# Point Cloud Matters: Rethinking the Impact of Different Observation Spaces on Robot Learning
[![python](https://img.shields.io/badge/-Python_3.8_%7C_3.9_%7C_3.10_%7C_3.11-blue?logo=python&logoColor=white)](https://github.com/pre-commit/pre-commit)
[![pytorch](https://img.shields.io/badge/PyTorch_2.0+-ee4c2c?logo=pytorch&logoColor=white)](https://pytorch.org/get-started/locally/)
[![lightning](https://img.shields.io/badge/-Lightning_2.0+-792ee5?logo=pytorchlightning&logoColor=white)](https://pytorchlightning.ai/)
[![hydra](https://img.shields.io/badge/Config-Hydra_1.3-89b8cd)](https://hydra.cc/)
[![black](https://img.shields.io/badge/Code%20Style-Black-black.svg?labelColor=gray)](https://black.readthedocs.io/en/stable/)
[![isort](https://img.shields.io/badge/%20imports-isort-%231674b1?style=flat&labelColor=ef8336)](https://pycqa.github.io/isort/)

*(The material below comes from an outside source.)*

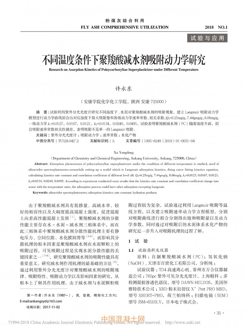 點擊下載全文:不同溫度條件下聚羧酸減水劑吸附動力學研究
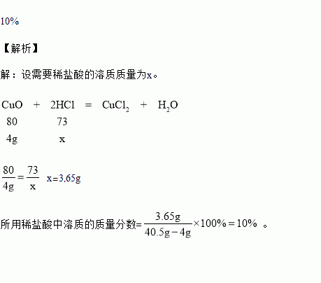 取4g氧化铜于烧杯中,向其中加入一定量的稀盐酸,恰好完全反应,得到溶液的质量为40.5g,计算:所用稀盐酸中溶质的质量分数__________。(写出计算过程)。

[![license](https://img.shields.io/badge/License-MIT-green.svg?labelColor=gray)](https://github.com/ashleve/lightning-hydra-template#license)
[**Project Page**](https://haoyizhu.github.io/pcm/) | [**Arxiv**](https://arxiv.org/abs/2402.02500)
[Haoyi Zhu](https://www.haoyizhu.site/), [Yating Wang](https://scholar.google.com/citations?hl=zh-CN&user=5SuBWh0AAAAJ), [Di Huang](https://dihuang.me/), [Weicai Ye](https://ywcmaike.github.io/), [Wanli Ouyang](https://wlouyang.github.io/), [Tong He](http://tonghe90.github.io/)
This is the official implementation of NeurIPS 2024 D&B track paper "Point Cloud Matters: Rethinking the Impact of Different Observation Spaces on Robot Learning". Real-world codes can be found in RealRobot.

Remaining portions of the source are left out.